WHAT THE TASK REQUIRES =>
From the entries below, write out exactly the lines between the line holding "We also analyzed" and the line holding "قام طلاب وطالبات", inclusive, excluding any pictures.

[Extracted data entries]
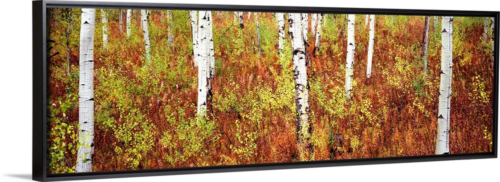 <p>Panoramic photograph of birch trees in forest surrounded by autumn foliage.</p>
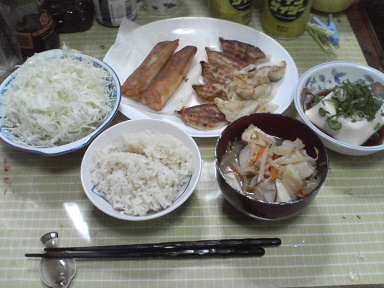 今日は餃子と春巻などを頂きます。餃子と春巻、豆腐も頂きます。汁物はミックス野菜と豆腐のスープ、キャベツサラダも頂きます。今日もおいしく頂きました。
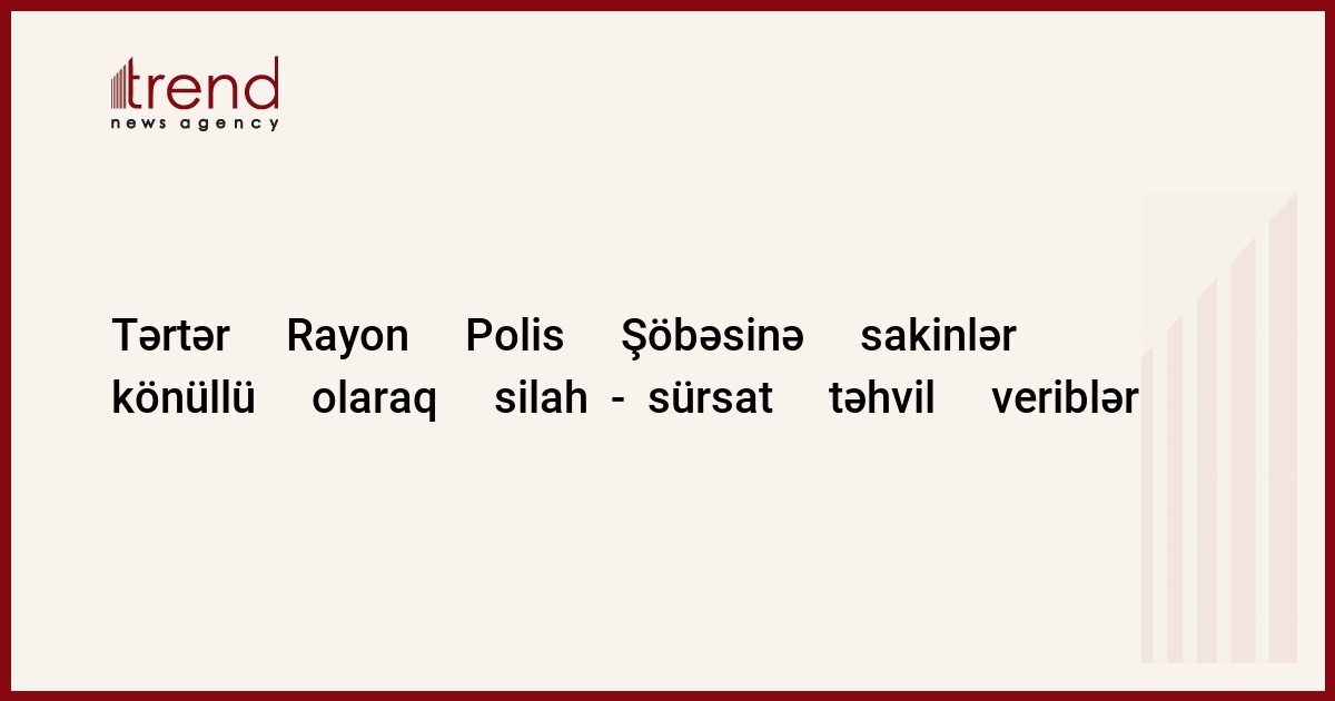 Azərbaycan, Bərdə /müxbir Trend Ş.Cəliloğlu/ Tərtər rayon polis şöbəsinin apardığı profilaktik tədbirlər nəticəsində sakinlərdən könüllü olaraq silah-sürsat yığılıb. Rayon polis şöbəsinin rəis müavini Məhərrəm Əliyevin verdiyi məlumata görə, əhalidən 5 ədəd avtomat, 3 ədəd od tüfəngi, 1 ədəd lülləyi və qundağı kəsilmiş beşatılan, 3 ədəd qumbara, 2 ədəd müxtəlif markalı tapança, 2 ədəd işıqlandırıcı və tüstüləyən partlayıcı, 1 ədəd pulemyot qatarı, 4 mindən çox müxtəlif silahların gülləsi sakinlərdən yığılıb. Bütün silah-sürsatlar Daxili İşlər Nazirliyinin aidiyatı idarələrinə göndəriləcək.
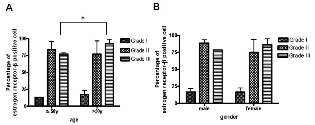We also analyzed factors related to the expression of ER-β. In grades I and II, there was no significant difference in the rate of expression of ER-β in the two different age groups. The expression of ER-β-positive cells was higher in grade III areas in patients >50 years old (92.03% ± 6.90%) than in those ≤50 (77.22% ± 1.69%) (p = 0.047) (Figure 3A). Our results suggested that age may affect the degree of ER-β expression and disease severity. Because only two of our 16 patients were men, there was no significant difference in the rate of expression of ER-β between men and women (Figure 3B).
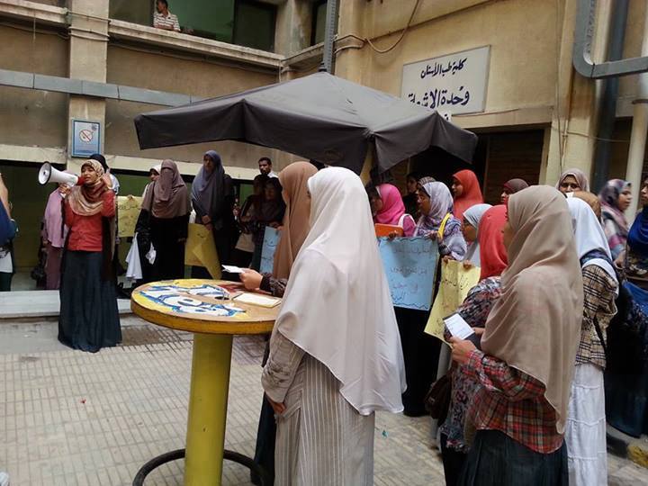 قام طلاب وطالبات كلية طب أسنان جامعة الاسكندرية بوقفة احتجاجية للتنديد بإعتقال و حبس الطالبات .
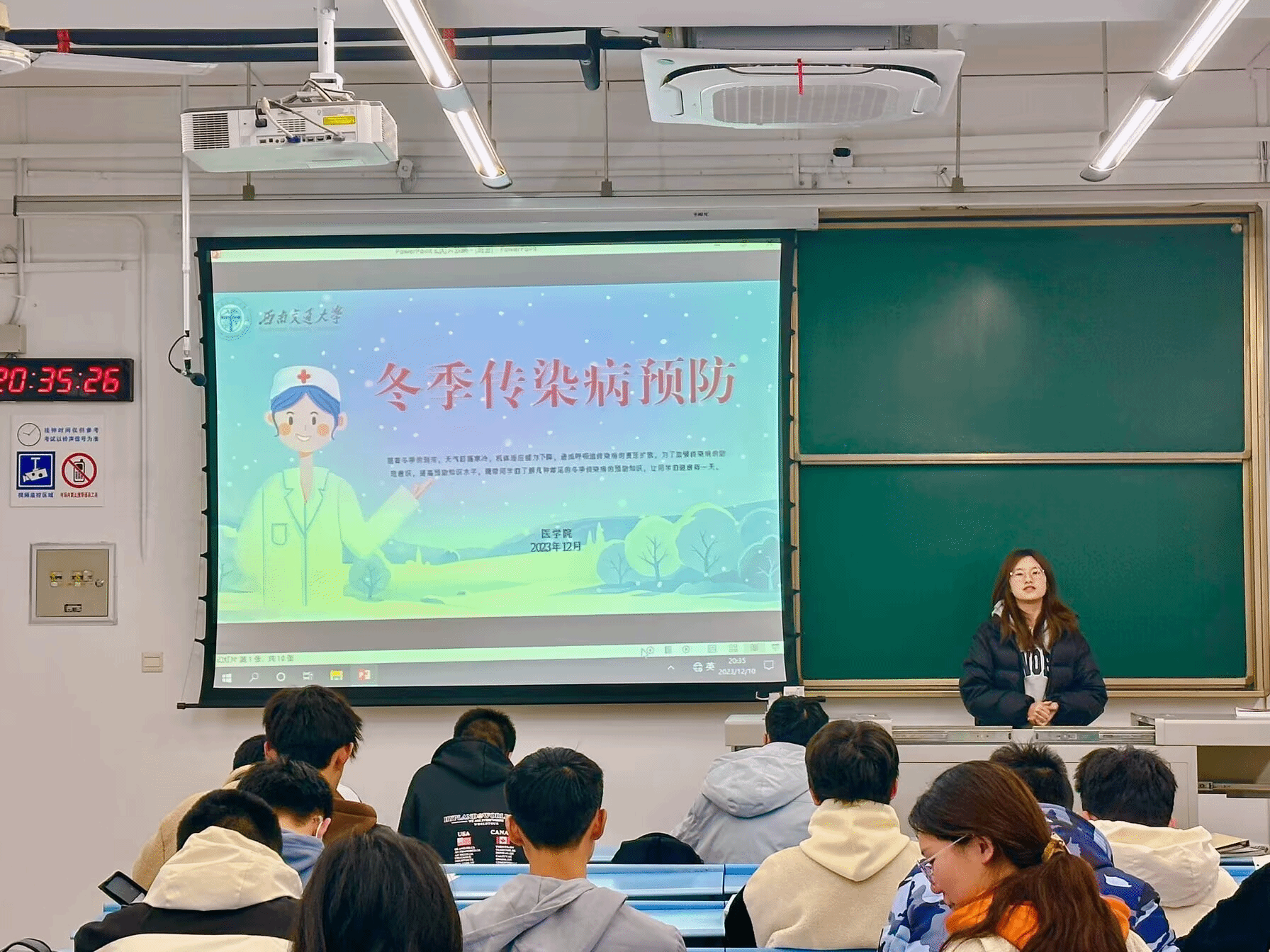在冬季预防传染病方面,靳涵老师首先介绍了冬季常见的传染病,如流感、感冒、肺炎等,并强调了个人卫生习惯的重要性。入冬以来,全国多地进入呼吸道疾病高发期,并且呈现多种病原体共同或交替流行态势。她提醒同学们,尤其是2020级考研的学生,一定要做好自身的防护,平时适当锻炼,增强体质,以饱满的精神状态和健康的身体素质迎接考研。2021级最近许多同学都出现了流感请假的状况,已经生病的同学要注意休息,及时治疗;未生病的同学要做好自身防护,勤加锻炼。针对低年级同学,王川玲老师强调宿舍卫生的重要性,要重视每月一次的“生医大扫除”,宿舍平时也要保持通风,勤打扫。她建议同学们可以采取多种防范措施,如锻炼身体、戴好口罩等降低感染风险,保障身体健康。如果出现发热、咳嗽等症状,应主动就医并告知医生近期接触过的人群,保障自身及他人安全。

SOLUTION TO THE PROBLEM =>
We also analyzed factors related to the expression of ER-β. In grades I and II, there was no significant difference in the rate of expression of ER-β in the two different age groups. The expression of ER-β-positive cells was higher in grade III areas in patients >50 years old (92.03% ± 6.90%) than in those ≤50 (77.22% ± 1.69%) (p = 0.047) (Figure 3A). Our results suggested that age may affect the degree of ER-β expression and disease severity. Because only two of our 16 patients were men, there was no significant difference in the rate of expression of ER-β between men and women (Figure 3B).
 قام طلاب وطالبات كلية طب أسنان جامعة الاسكندرية بوقفة احتجاجية للتنديد بإعتقال و حبس الطالبات .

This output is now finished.